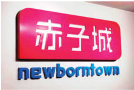
■赤子城為今年唯一超購逾千倍的新股，榮登今年 IPO「超購王」。

日前閉幕的今年中央經濟工作會議首提「要大力發展數字經濟」，赤子城可謂食正國策，加上業務相近的 360 魯大師（3601）於上市後一度倍升，引發市場憧憬，招股反應空前。赤子城昨截止招股，據市場消息，該股超額認購錄得逾 1,400 倍，超越亞盛醫藥（6855）成為今年首隻超過 1,000 倍的超購王，凍資約 343 億元。赤子城是次發售 1.36 億股，本地公開發
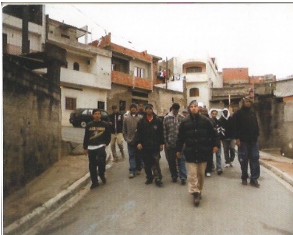
"Atitude vem comigo".

La pose del marginal proclama su presencia a una sociedad que la persigue y la criminaliza, y luego quiere que se mantenga invisible. La leyenda que acompaña la siguiente fotografía lee: "Atitude vem comigo" (La actitud viene conmigo). La foto, tomada por João Wagner e incluida en la primera edición de Capão Pecado , proclama un sentido de identidad visual que asalta el espacio público y exige que otros reconozcan la presencia del marginal. La actitud en la foto es la de una seguridad perceptible que está basada en la existencia de un grupo de apoyo.

++++++++

Write the data above out again exactly, every line of it, and exclude the pictures.

> [RESULT FOR THIS TASK]
■赤子城為今年唯一超購逾千倍的新股，榮登今年 IPO「超購王」。

日前閉幕的今年中央經濟工作會議首提「要大力發展數字經濟」，赤子城可謂食正國策，加上業務相近的 360 魯大師（3601）於上市後一度倍升，引發市場憧憬，招股反應空前。赤子城昨截止招股，據市場消息，該股超額認購錄得逾 1,400 倍，超越亞盛醫藥（6855）成為今年首隻超過 1,000 倍的超購王，凍資約 343 億元。赤子城是次發售 1.36 億股，本地公開發
"Atitude vem comigo".

La pose del marginal proclama su presencia a una sociedad que la persigue y la criminaliza, y luego quiere que se mantenga invisible. La leyenda que acompaña la siguiente fotografía lee: "Atitude vem comigo" (La actitud viene conmigo). La foto, tomada por João Wagner e incluida en la primera edición de Capão Pecado , proclama un sentido de identidad visual que asalta el espacio público y exige que otros reconozcan la presencia del marginal. La actitud en la foto es la de una seguridad perceptible que está basada en la existencia de un grupo de apoyo.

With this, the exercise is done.